(The data begins)

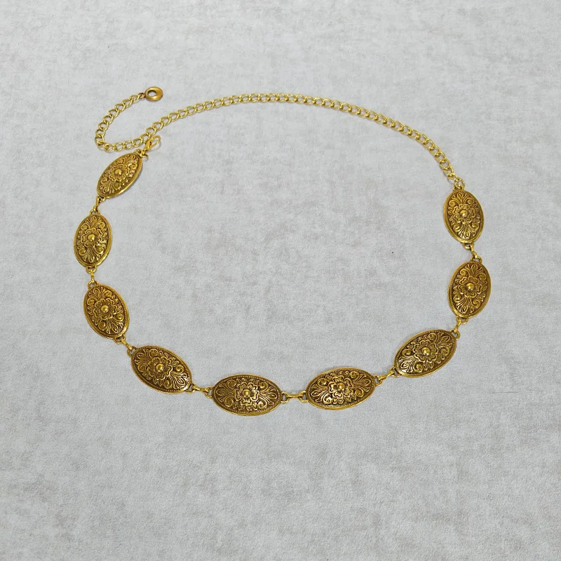 Fashion Gold Chain Belt Female Waist Adjustable Desinger Belts For Women High Quality Luxury Flower Punk Metal Dress Waistband
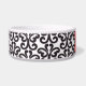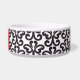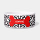 Diese Keramikhundenahrungsmittelschüssel hat ein stilvolles Schwarzweiss-Damaststrudelmuster im Hintergrund. In der Mitte gibt es einen großen roten Knochen mit einem leicht kundengebundenen Namen Ihres Hündchens, das in Weiß geschrieben wird.
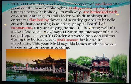 这个星期的综合英语课,我抛开了课本,另外选择了一篇《经济学人》中的文章---Coronavirus economics(病毒经济学)。之所以选择这篇文章,不仅仅因为它的内容非常贴合我们当下的经历,更重要的是我想通过这篇文章告诉学生们:疫情虽然对中国的经济产生了极大的负面影响,但是我们依然要坚定信念,期待未来;疫情并不可怕,可怕的是我们看不到这场战斗中凝聚的希望和力量。讲完文章,依然意犹未尽,随即从网上找到了几张西南联大的照片,并告诉学生们,西南联大是世界教育史上极为光彩的一笔,面对日寇的侵袭,短缺的物资,艰苦的环境,前辈们依然孜孜不倦,潜心向学,成就了大批的学术泰斗和两位诺贝尔奖获得者,这种精神在目前的形势下更值得我们学习和思考。清华大学前校长梅贻琦在回答学生“什么是真实”的问题时说到:“你看到什么,听到什么,做什么,和谁在一起,有一种从心灵深处满溢出来的不懊悔、也不羞耻的平和与喜悦,这就是真实。”我把这段话写在了我的PPT最后一页,我想告诉学生们,虽然远离尘嚣,但老师希望他们依然能够内心笃定,从容平和,不忘初心,砥砺前行。只有真实地感受到内在的平静,才能更好地思考自己的当下和未来,思考应该怎样度过这一生。等到春暖花开,回归校园的时候我们再回首这个令人难忘的寒假,不会因为虚度年华而悔恨,不会因为碌碌无为而羞耻。
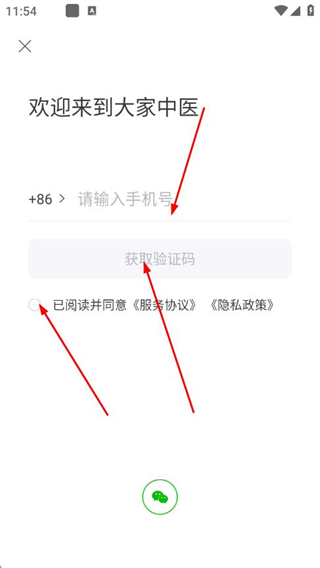 2、进入登录页面后,输入手机号,勾选已阅读并同意协议,点击获取验证码。
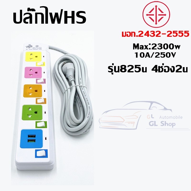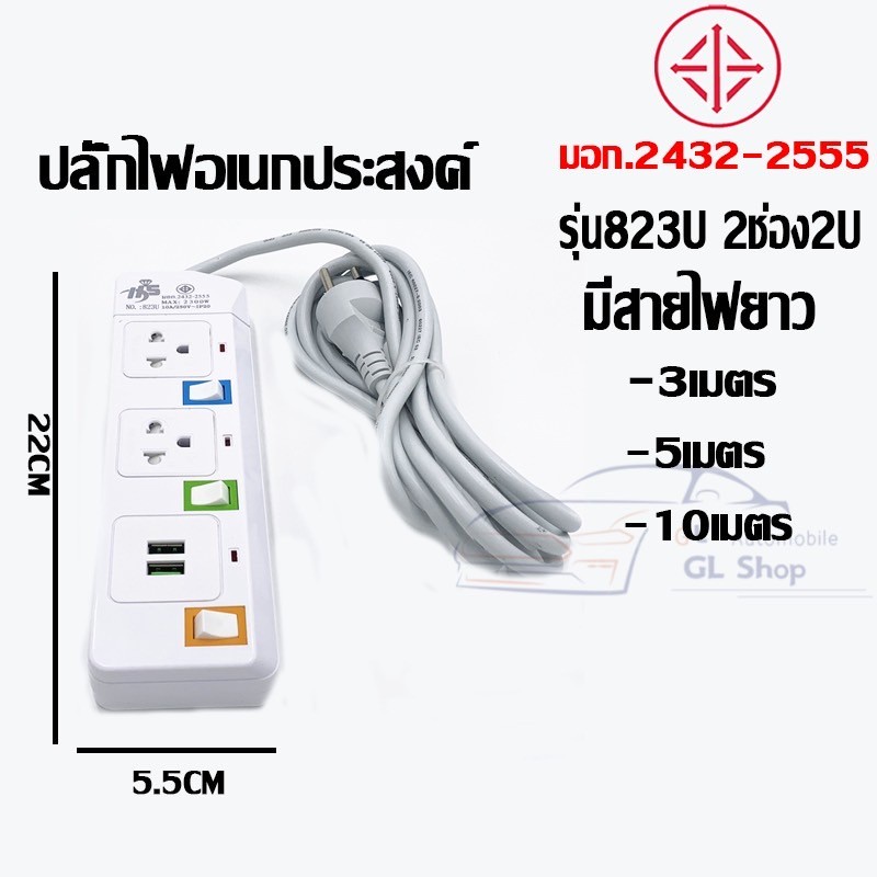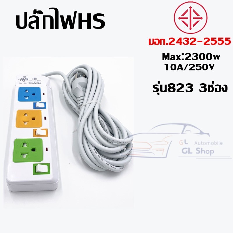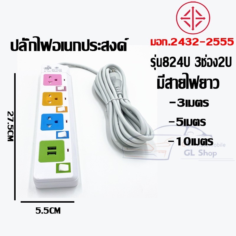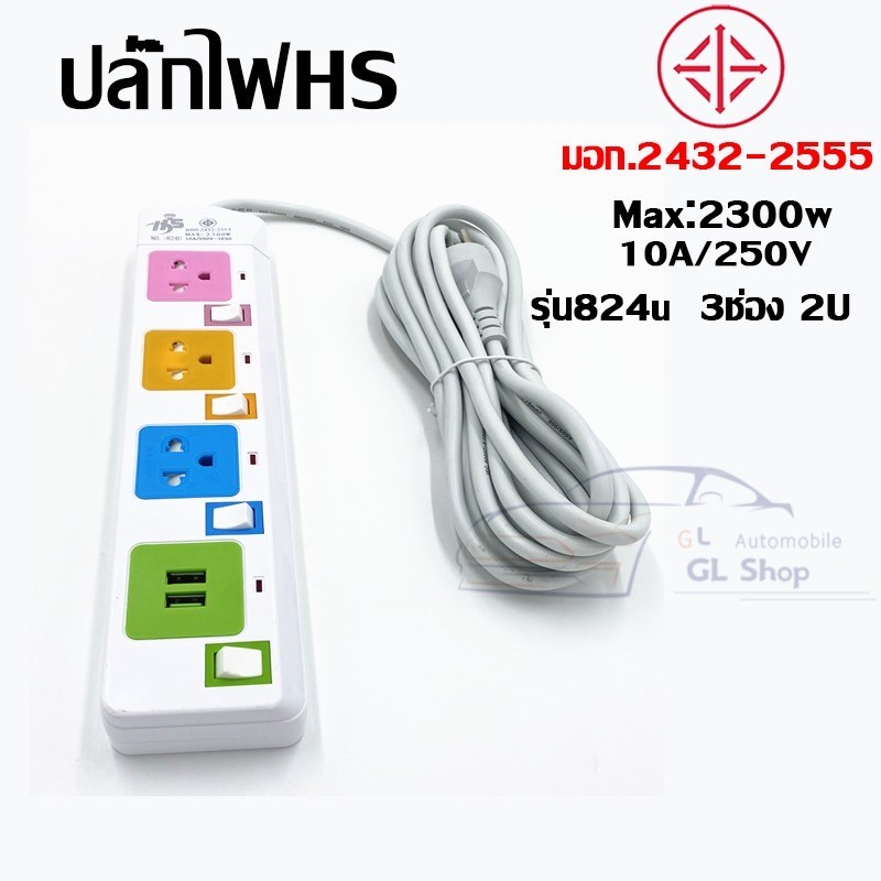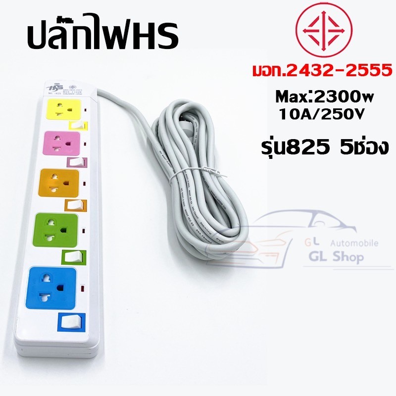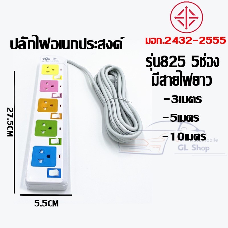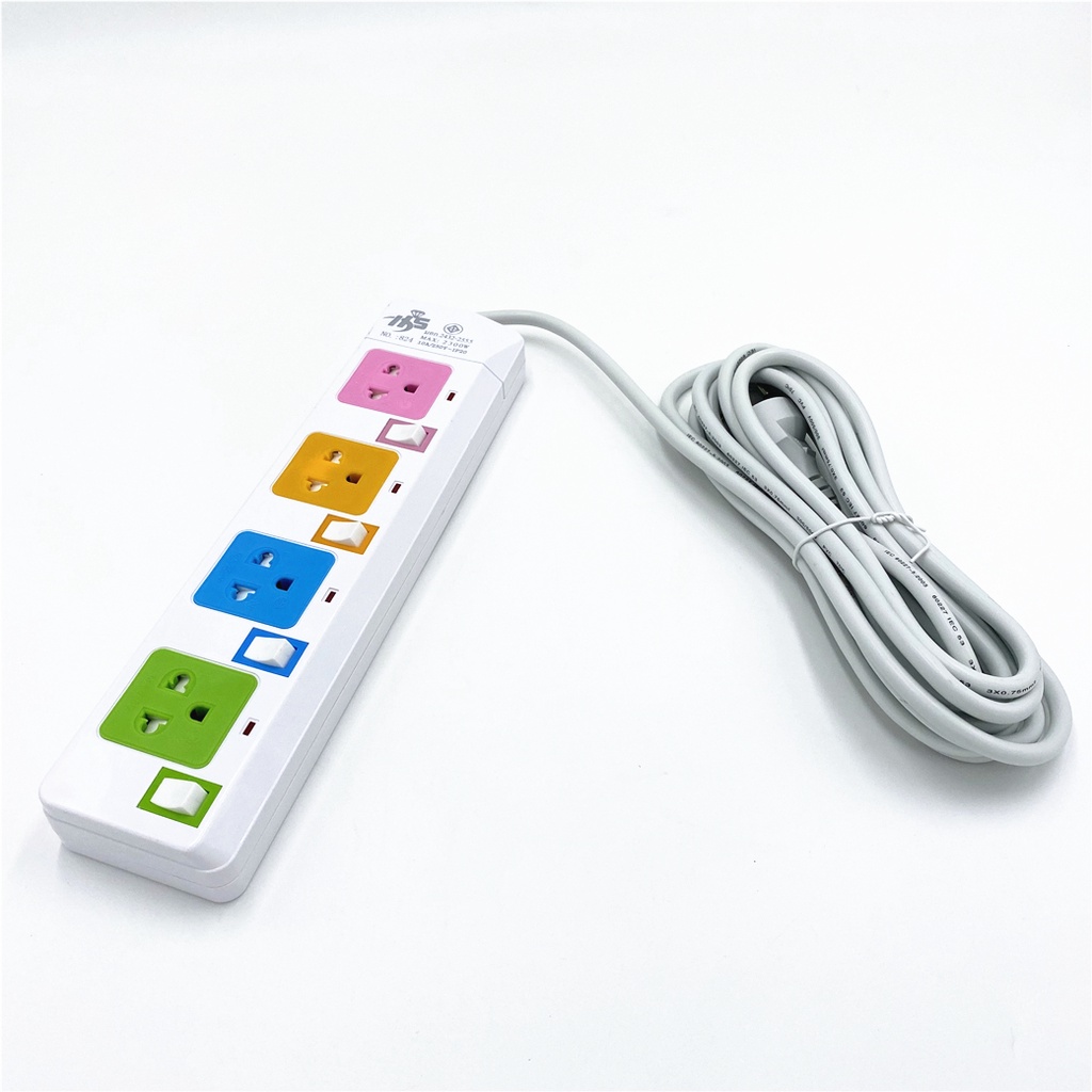 ปลั๊กไฟมาตราฐาน มี มอก. แข็งแรง 2300W 10A/250V IP20 3,5,10เมตร สีสดใส มีสวิตตัดไฟอัตโนมัติ

(The data ends)

__What the task requires__. With all pictures excluded, output exactly the lines from the one containing "这个星期的综合英语课,我抛开" through the final line of the entries, inclusive.

__Response__.
 这个星期的综合英语课,我抛开了课本,另外选择了一篇《经济学人》中的文章---Coronavirus economics(病毒经济学)。之所以选择这篇文章,不仅仅因为它的内容非常贴合我们当下的经历,更重要的是我想通过这篇文章告诉学生们:疫情虽然对中国的经济产生了极大的负面影响,但是我们依然要坚定信念,期待未来;疫情并不可怕,可怕的是我们看不到这场战斗中凝聚的希望和力量。讲完文章,依然意犹未尽,随即从网上找到了几张西南联大的照片,并告诉学生们,西南联大是世界教育史上极为光彩的一笔,面对日寇的侵袭,短缺的物资,艰苦的环境,前辈们依然孜孜不倦,潜心向学,成就了大批的学术泰斗和两位诺贝尔奖获得者,这种精神在目前的形势下更值得我们学习和思考。清华大学前校长梅贻琦在回答学生“什么是真实”的问题时说到:“你看到什么,听到什么,做什么,和谁在一起,有一种从心灵深处满溢出来的不懊悔、也不羞耻的平和与喜悦,这就是真实。”我把这段话写在了我的PPT最后一页,我想告诉学生们,虽然远离尘嚣,但老师希望他们依然能够内心笃定,从容平和,不忘初心,砥砺前行。只有真实地感受到内在的平静,才能更好地思考自己的当下和未来,思考应该怎样度过这一生。等到春暖花开,回归校园的时候我们再回首这个令人难忘的寒假,不会因为虚度年华而悔恨,不会因为碌碌无为而羞耻。
 2、进入登录页面后,输入手机号,勾选已阅读并同意协议,点击获取验证码。
 ปลั๊กไฟมาตราฐาน มี มอก. แข็งแรง 2300W 10A/250V IP20 3,5,10เมตร สีสดใส มีสวิตตัดไฟอัตโนมัติ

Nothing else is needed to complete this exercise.